**Aim of the exercise:** An exact copy is needed of the lines in the entries below from the line with "Enchanted Blooms Floral" up to and including the line with "2026 Term 2Social", and of nothing else. Leave the pictures out.

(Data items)
******************************
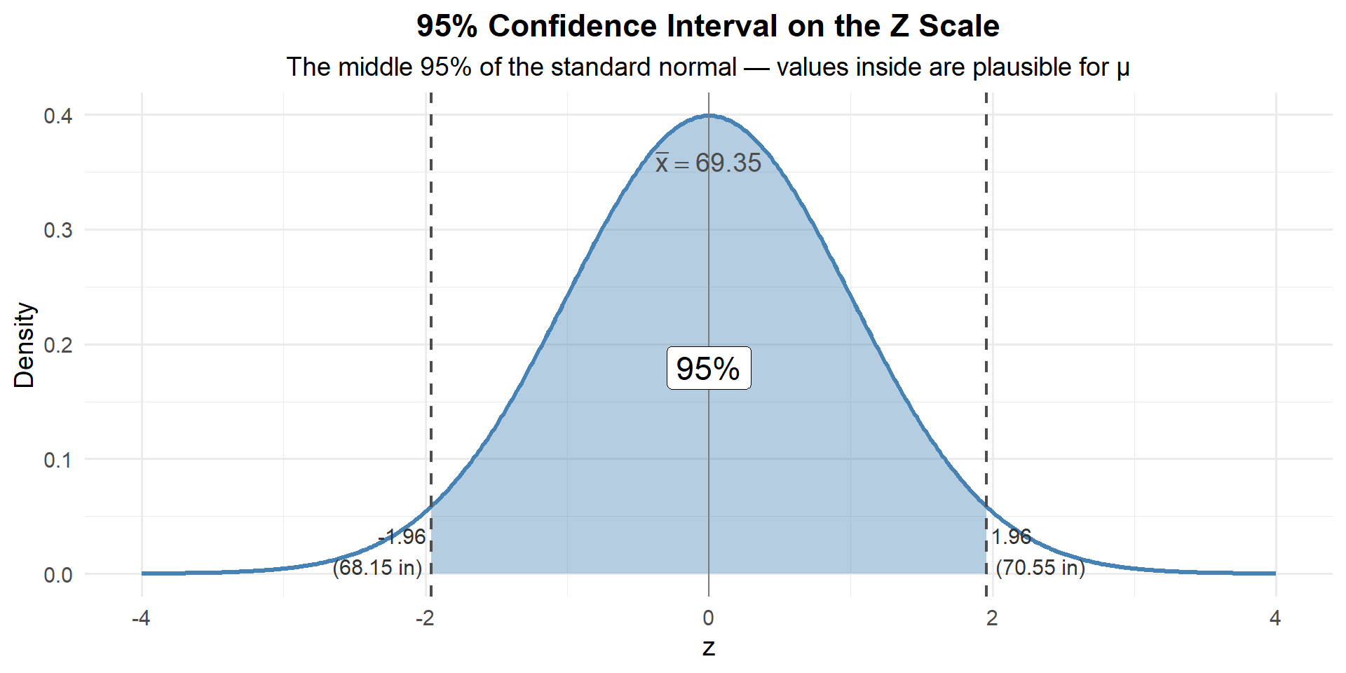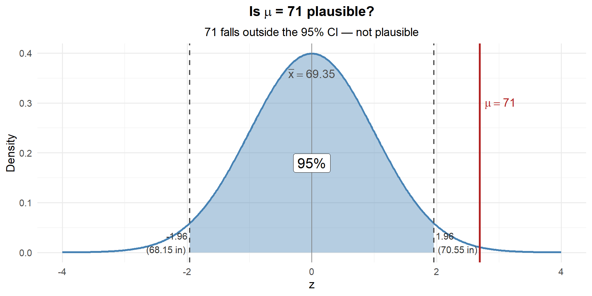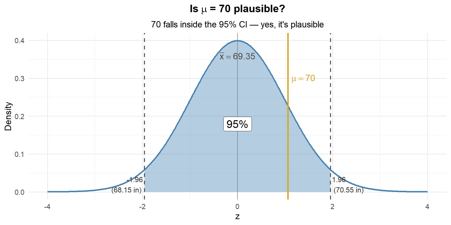 Well, 70 falls inside our 95% CI of \((68.15, 70.55)\). So yes — 70 is a plausible value for \(\mu\).
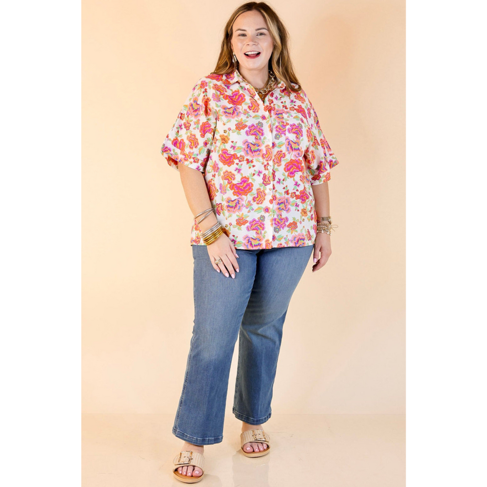 Enchanted Blooms Floral Print Top with Collar in Off White
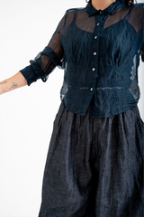 The Florence blouse by Bukeshla is crafted from a silk organza. It features subtle pleating and darts at the waist, and sleeve hem, with a classic shirt collar and button front. The delicate, yet durable silk organza and intricate details elevate this simple shirt into a piece that’ll quickly become a wardrobe favourite. Please note that the embroidered feature is a unique hand-drawn element that will vary slightly with artistic interpretation and should be appreciated as its point of difference.
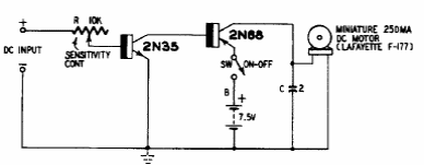 This circuit was obtained from an American publication from the 60's. The transistors are germanium types of the time and the motor, with the transistor used, is only 15 mA.
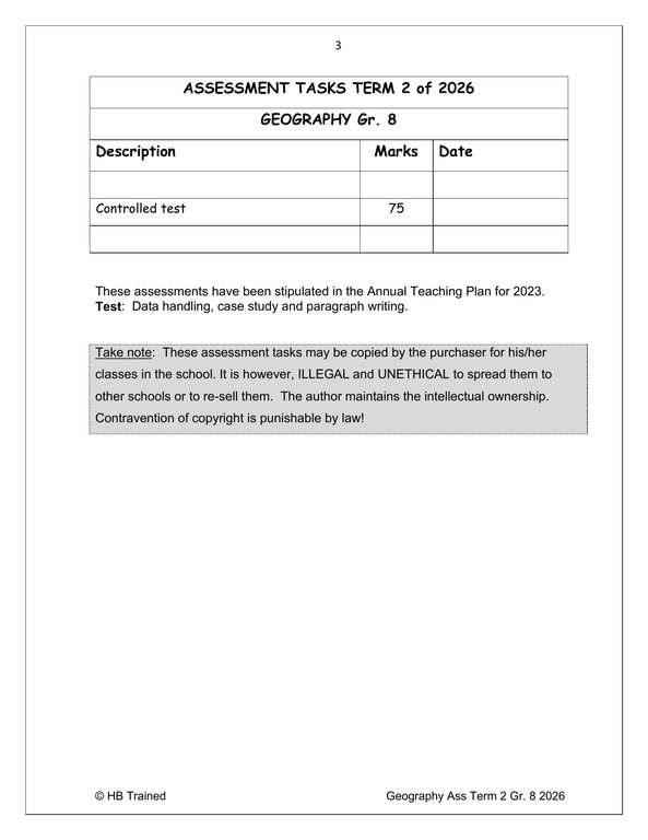Social Sciences Geography Gr. 8 Assessment Task 2026 Term 2Social Sciences Geography Gr. 8 Assessment Task 2026 Term 2
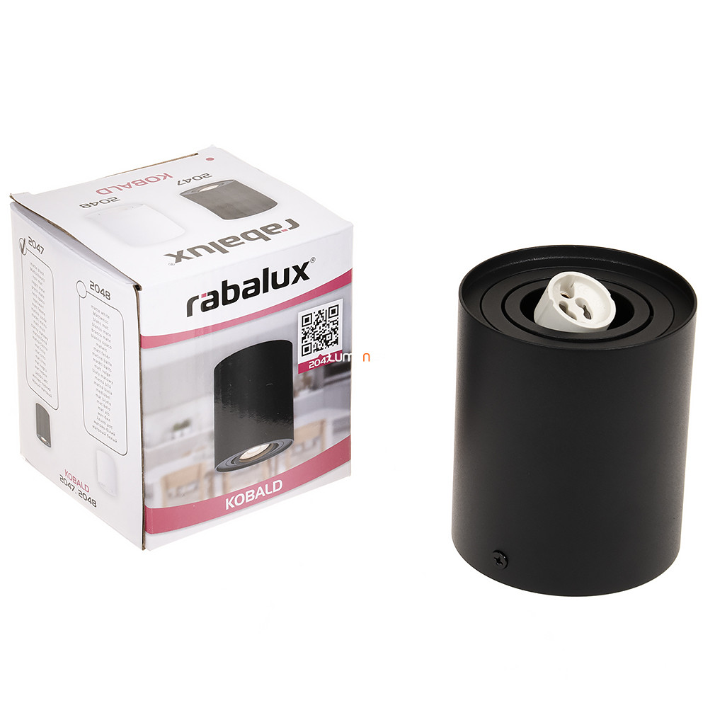 A Kobald Rábalux 2047 billenthető mennyezeti spot lámpa fekete színben, modern és funkcionális kialakítással készül. A mennyezetre szerelhető lámpatest egy darab GU10 foglalattal rendelkezik, amely lehetővé teszi cserélhető fényforrás alkalmazását. A lámpatest anyaga alumínium és fém, így strapabíró és hosszú élettartamú. A termék átmérője 90 mm, magassága 105 mm, tömege 0,33 kg. IP20-as védettsége beltéri használatra teszi alkalmassá. A lámpa nem tartalmaz fényforrást, így a kívánt teljesítményű és színhőmérsékletű izzó szabadon választható. A billenthető fej precíz irányítást biztosít a fény számára, így jól alkalmazható célzott megvilágításra lakóterekben vagy irodákban. A fekete színű felület modern stílust kölcsönöz a helyiségnek, miközben a lámpatest letisztult formavilága diszkréten illeszkedik a környezetbe.
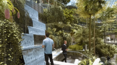 樟宜機場內最引人注目的景觀是足有40米高的“ 雨旋渦 ”也是全世界最高的室內瀑布大約有十幾層樓高
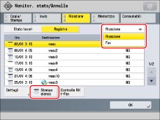 Per stampare la cronologia di ricezione del Rapporto attività fax, selezionare [Fax] dall'elenco a comparsa. (Vedere "RAPPORTO ATTIVITA' TX/RX FAX".)
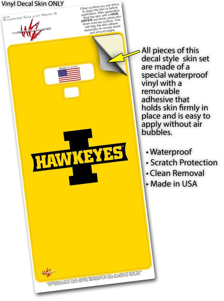 Decal style Skin Wrap compatible with Samsung Galaxy Note 9 Iowa Hawkeyes 02 Black on Gold
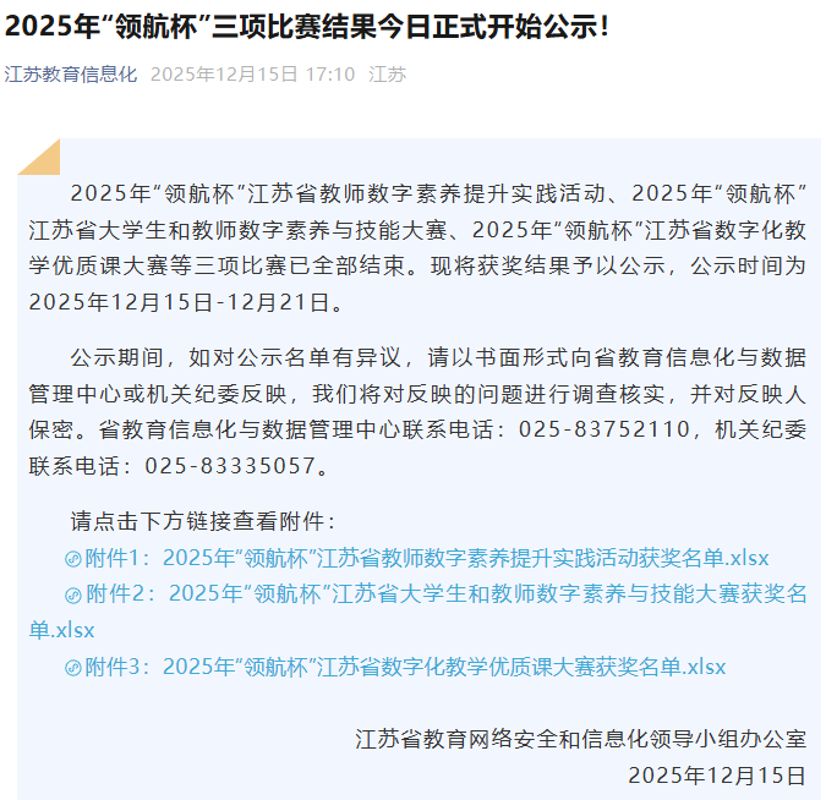 近日,江苏省教育网络安全和信息化领导小组办公室公布2025年“领航杯”江苏省教育数字化应用能力大赛获奖名单。糖果派对官方
******************************
**Finished task:**
 Enchanted Blooms Floral Print Top with Collar in Off White
 The Florence blouse by Bukeshla is crafted from a silk organza. It features subtle pleating and darts at the waist, and sleeve hem, with a classic shirt collar and button front. The delicate, yet durable silk organza and intricate details elevate this simple shirt into a piece that’ll quickly become a wardrobe favourite. Please note that the embroidered feature is a unique hand-drawn element that will vary slightly with artistic interpretation and should be appreciated as its point of difference.
 This circuit was obtained from an American publication from the 60's. The transistors are germanium types of the time and the motor, with the transistor used, is only 15 mA.
Social Sciences Geography Gr. 8 Assessment Task 2026 Term 2Social Sciences Geography Gr. 8 Assessment Task 2026 Term 2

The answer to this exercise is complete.